Public participation? Public theatre? Neither? Both?
Anyone who has ever watched a city council meeting in the United States (or, I would suspect, elsewhere) knows that they may very well be in for a very entertaining event–particularly when the public has the opportunity to speak. As an Austinite, I have particularly fond memories of the speeches given by Jennifer Gale, a one-of-a-kind participant in Austin City Council meetings who spoke frequently and colorfully on an array of topics. Her memorial service was attended by many Council members, and she remains a household name at City Hall.
But as a public participation practitioner, I often wonder about the impact of public participation during Council meetings which, after all, often mark the culmination of public participation processes in other venues (open community meetings, planning commission or other subcommittee meetings, etc.). One can certainly imagine a scenario in which large numbers of people attend a Council meeting in support of or in opposition to a measure and thereby sway undecided Council members to vote their way. On the other hand, it might seem unlikely that a Council member would hear one (or even 10 or more) three-minute speeches and find they felt significantly different about a key issue.

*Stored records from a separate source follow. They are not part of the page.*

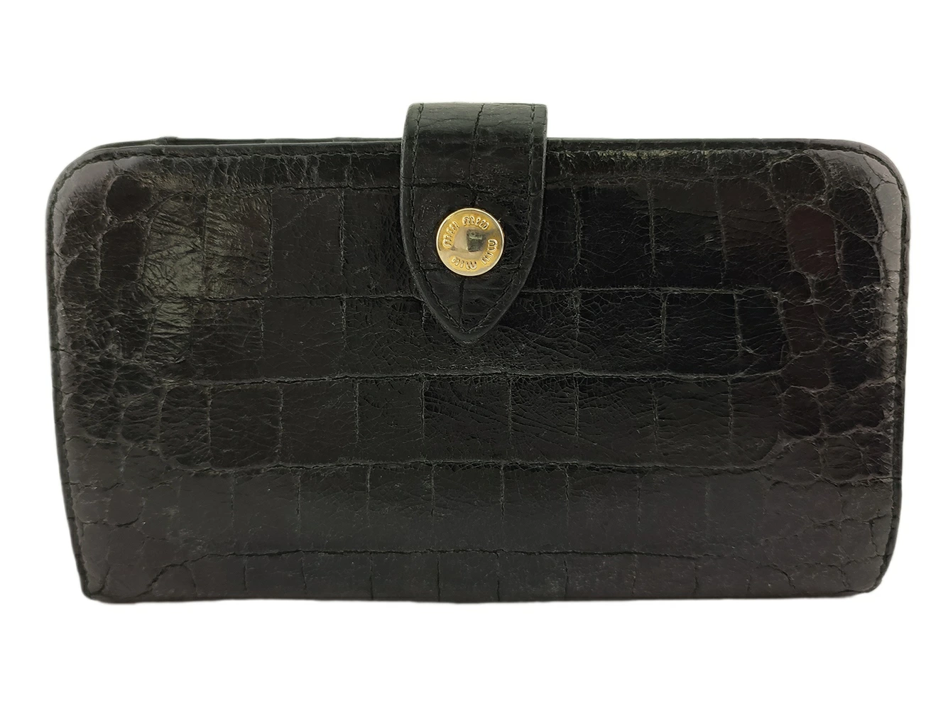 | 備考 | [開口部]ボタンホック[外側]がま口式小銭入れ(ファスナー仕切りポケット×1)×1[内側]札入れ×1カード入れ×8オープンポケット×4 幅:約16.6cm高さ:約9.5cmマチ:約2.5cm |
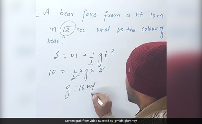 In the video shared by a user on Twitter, Mr Anand can be solving the equation which reads, "A bear falls from a height 10m in √2 sec. What is the colour of bear?" For many of us, the question seems almost impossible to be solved. However, Mr Anand actually had an answer to it. According to him, the calculated value of gravity is equivalent to the gravitational force felt at the Earth's poles, hence the bear is undoubtedly a polar bear. Therefore, the bear would be white in colour.
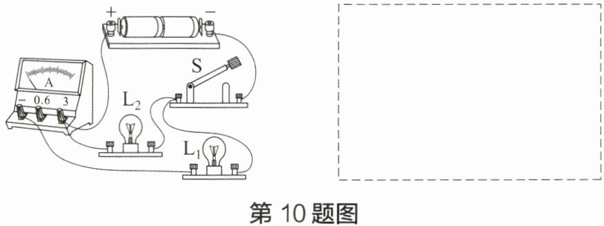 10. 请根据如图所示的实物连接图,在虚线框内画出相应的电路图。
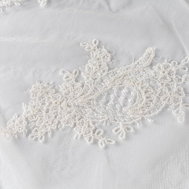 Вышивка на сетке молочного оттенка с крупным фантазийным узором в виде пера жар-птицы. Полотно мягкое, легкое и пластичное, хорошо тянется. Сетка не жесткая, приятная к телу. Узор вышит мягкой пряжей, образуя красивую фактуру, имитирующую ручную вышивку, и оформлен кордовой нитью. С обеих сторон ткань украшена симметричными фестонами, что придает полотну законченный и нарядный вид. Великолепно будет смотреться в нарядном вечернем, свадебном платье, платье на выпускной бал, в блузках, топах. Набирается для изделя объемом.
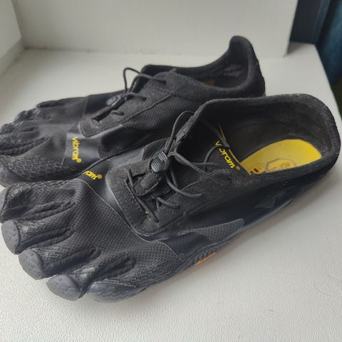 Muutamasti jalassa käyneet Vibram-pohjaiset Five Fingers V-Soulit, koko 39. Nämä loppuunmyydyt! En huomannut vikoja.

Against that mental backdrop, I read this article from the Providence, Rhode Island area, where the Council wants to swear in members of the public who wish to speak to the Council. The article suggests that the policy came about because of the behavior of speakers, though I wonder whether the notion of swearing in a speaker would make the speaker feel more or less welcome to speak his or her mind. After all, a typical oath (which, by the way, many would feel uncomfortable taking for religious or other personal reasons) would involve swearing to tell the truth, the whole truth, and nothing but the truth, which might make one think he was in a courtroom on trial for his or her beliefs rather than in an assembly where their speech is more unrestricted.
Clearly, those convening public dialogues like city council meetings must, of necessity, take steps to ensure that the space is safe for all to participate, and the unruly behavior of some could make the space unsafe for others. That said, it remains to be seen whether the particular reforms put forward in Rhode Island will meaningfully improve public participation there. It would be hard to justify not involving the public as participants in meetings open to the public, so it seems more productive to have some rules for participation than to prohibit such participation entirely.
But elected officials in Rhode Island ought to consider whether their system for involving (or, in some cases, not involving) the public has, in a way, catalyzed or provoked some of the questionable behavior exhibited by the participants. For instance, if a member of the public wanted to have an audience with elected officials but had to wait hours for a few minutes of time, or if the public had previously not had a chance to address elected officials at all, it would make sense that they would feel frustration, anger, and other negative emotions that might come out when they addressed the government.
So, it is incumbent upon any elected body not simply to create a system whereby a person can participate in meetings of the City Council (subject to rules that keep the forum safe and open to all), but also to develop other channels for the public to communicate with its elected officials–in-person, online, with one another, and so on. Doing so would not only placate those upset by the limits placed on their public participation. It would also give more people a chance to participate, thereby giving elected officials a clearer sense of how their constituents feel about an issue, so that the eventual public policy better suits the community and lasts longer or withstands future challenges.